Where are the “Old-Timers” of Science Today?

In the context of this week’s reading, air pumps and electrical machines represent progress and change. Governments and religious entities, in my opinion, can also be characterized as institutions. From another class I am taking, we have been talking about how the primary goal of an institution is for it to continue survive to exist. New developments, progress and a change in status quo tend to challenge the authority of such an institution. It all comes down to power and how those who have it, rarely like to give it up. “The fact that the coal measures were centered in northern England shifted the nation’s economic balance of power away from the prosperous rural estates of Sussex, Essex, and Kent.” [Steven Johnson]

 

I find it interesting that the prompt of “fearing air pumps and electrical machines” was assigned as the topic for this blog because I personally find the shift we saw in the type of people pursuing scientific knowledge far more interesting. As Steven Johnson says, “They [the scientists of old] were statesmen and political visionaries who just happened to be hobbyists in science, albeit amazingly successful ones.” Today, anyone pursuing a career in the sciences must be incredibly specialized and focused on only one specific discipline. So much so that it is almost unbelievable to me that a man such a Joseph Priestley was able to have such a profound effect on the development of modern science. The way in which I believe Johnson’s work speaks about the future of modern science is this lesson of Joseph Priestley’s method of anti specialization. I think we must be very aware of this going forward and interdisciplinary study is going to prove highly important in the coming future. While it is important to know things on a very deep and specialized level, I see an increase in holistic view-points on our horizon. This applies especially to the field of environmental research.

4 thoughts on “Where are the “Old-Timers” of Science Today?”

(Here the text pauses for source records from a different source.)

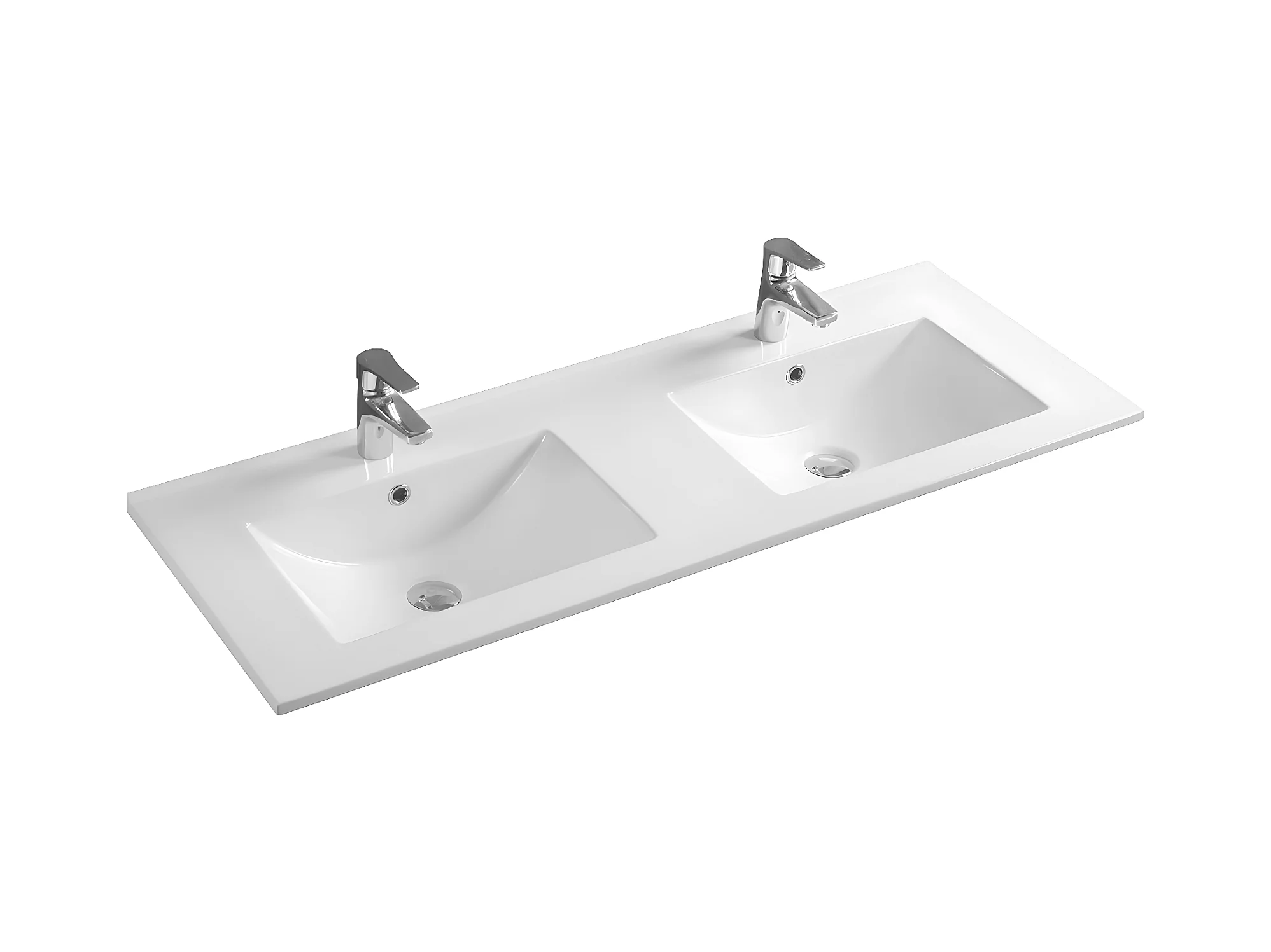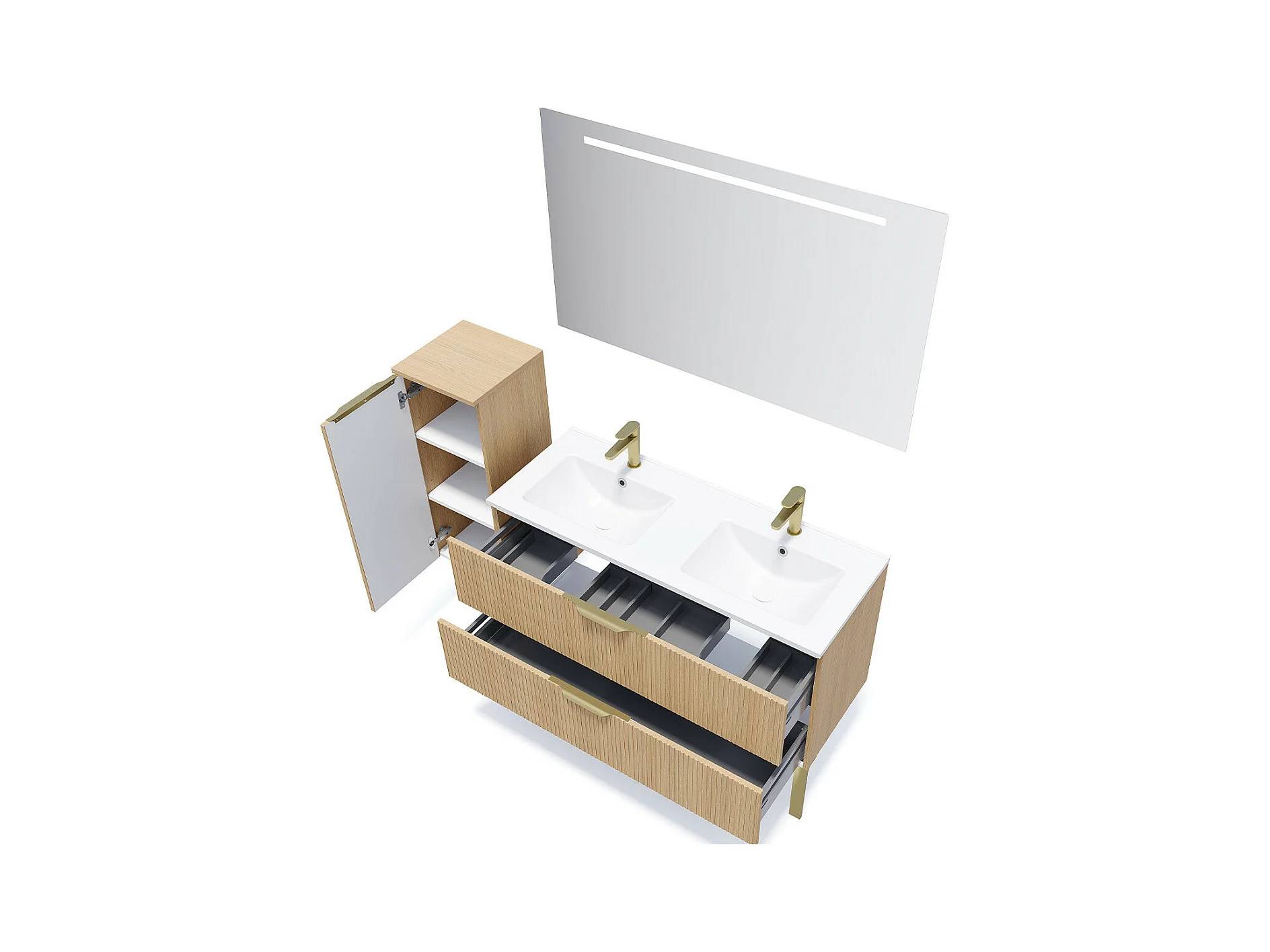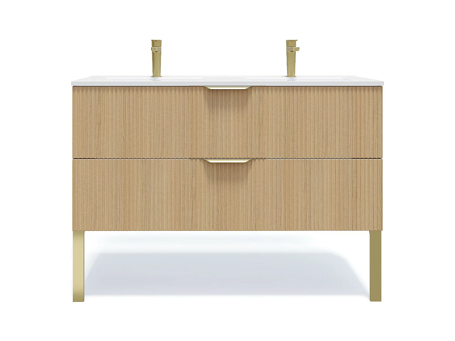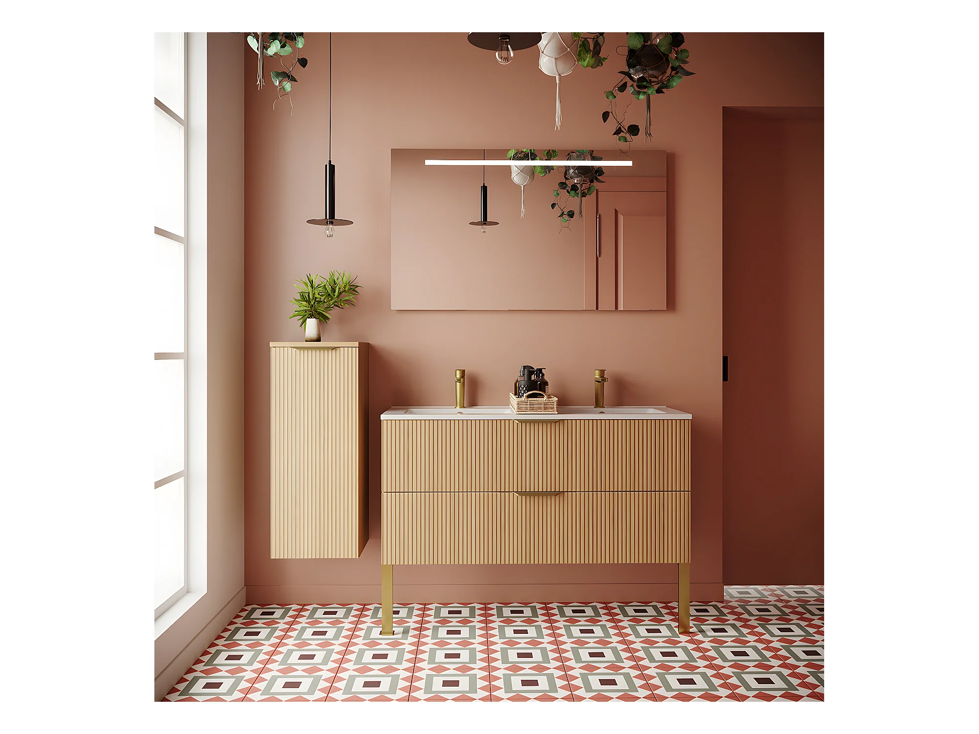 Meuble de salle de bain suspendu double vasque intégrée 120cm 2 tiroirs Chêne cannelé - Venice
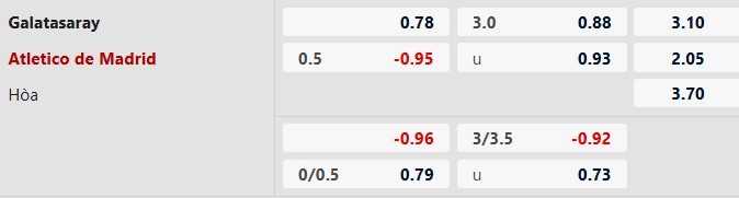 Tối đa 1 bàn hiệp 1: 3/4 lần chạm trán giữa 2 đội gần đây tại các giải chính thức chỉ có tối đa 1 bàn thắng trong hiệp 1. Tình trạng tương tự xảy ra ở 5/6 trận chính thức gần đây của Galatasaray và 4 trận gần nhất của Atletico.
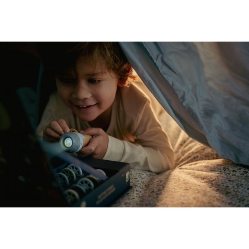 Потопете се в света на приказките с проекционното фенерче Bedtime Stories от Little Dutch! Всяка вечер може да се превърне в истинско приключение с 12 различни истории, разказани чрез красиви илюстрации, които се прожектират на стената. В комплекта има и малки книжки, които съответстват на всяка история – за още по-вълшебно изживяване.
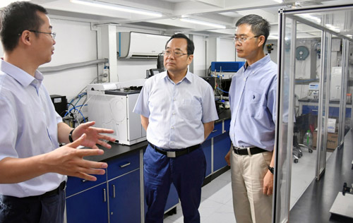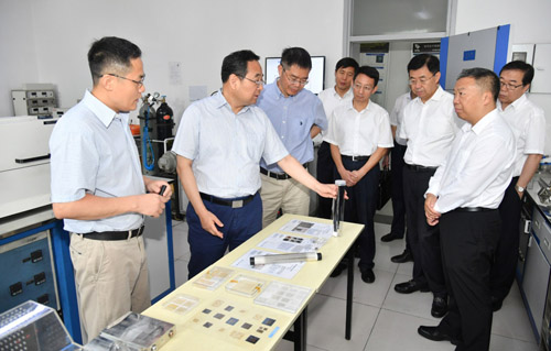 張雷書記先后參觀了石墨烯制備實驗室、光解水制氫實驗室、太陽能電池實驗室,并與金屬所領導和成會明院士團隊等進行了座談。
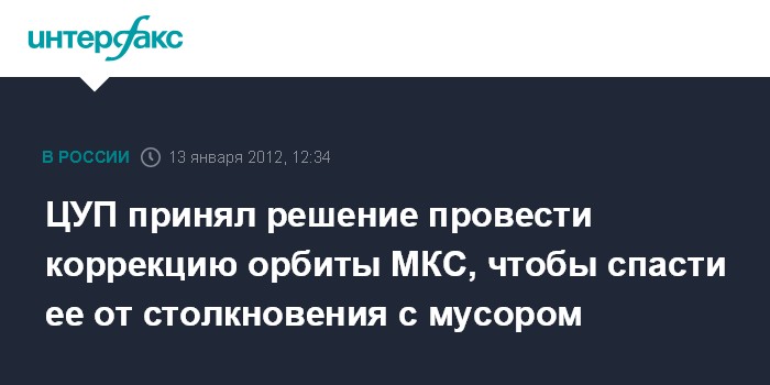 Москва. 13 января. INTERFAX.RU - Центр управления полетами (ЦУП, Королев, Московская область) в 20:10 по московскому времени проведет маневр по уклонению Международной космической станции (МКС) от фрагмента американского спутника Iridium-33, говорится в сообщении, опубликованном на сайте ЦУПа.
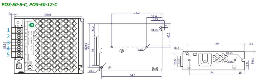 Zasilacz POS-50-5-C w obudowie metalowej, przeznaczony jest do pracy w systemach oświetleniowych, elektroniki przemysłowej. Wyposażony jest w układy zabezpieczające zapewniające bezawaryjna pracę.

  1. I like how you compare religions and governments to institutions. It is interesting to think of them in such terms. The point you bring up about the main function of an institution is keeping themselves alive is intriguing and I would like to learn more about it. Did your class cover the main steps institutions will employ to keep themselves functioning? I like what you said about the need for a more holistic view of the sciences. It reminds me of a meme I saw the other day about scientists opinion of philosophy. One one side are all the great historical scientists saying they think a philosophical perspective is invaluable. On the other side it was the pop scientists of our time saying they think it is a waste of time. It makes me sad to think that people don’t consider questioning their surroundings important.

  2. I like your point about the importance of inter-disciplinary study in coming years. I think that if scientists (or doctors, engineers, psychologists, CEOs, historians, artists, etc) look beyond their field and consider what’s going on outside of their specialization, everyone benefits because that knowledge and those resources get spread to others and passed down to the next generation. I think maybe one of the reasons Priestly was so successful was because he wasn’t just a scientist or an engineer; he was also a theologian, philosopher, educator, and political theorist. But I suppose the argument “well where does it end?” could also be made. For example, is it better to have a specialized skill? Or to be a jack-of-all-trades? I wonder if Priestly had mastered all these topics which lead to his discoveries.

  3. While I don’t disagree that having interdisciplinary knowledge is important, I feel that there is more to Priestley than that. Priestley’s form of science was one that lead to the detection of anomalies. Such anomalies helped paint a bigger picture, and potentially showed issues with the current way of thinking. He most likely would not have made the discoveries he did without his interdisciplinary nature, but, I think it is also important to consider the tools he used for his science. He had access to cutting edge tools and the free time he needed to use them. Essentially, he happened to be the right man at the right place with the right tools and the right connections.

  4. I enjoyed how you described them as institutions, this is a very cohesive way to categorize them. This quote perfectly displays your idea and I could not agree more “From another class I am taking, we have been talking about how the primary goal of an institution is for it to continue survive to exist. New developments, progress and a change in status quo tend to challenge the authority of such an institution. It all comes down to power and how those who have it, rarely like to give it up.” I agree that institutions primary focus is to gain and maintain power.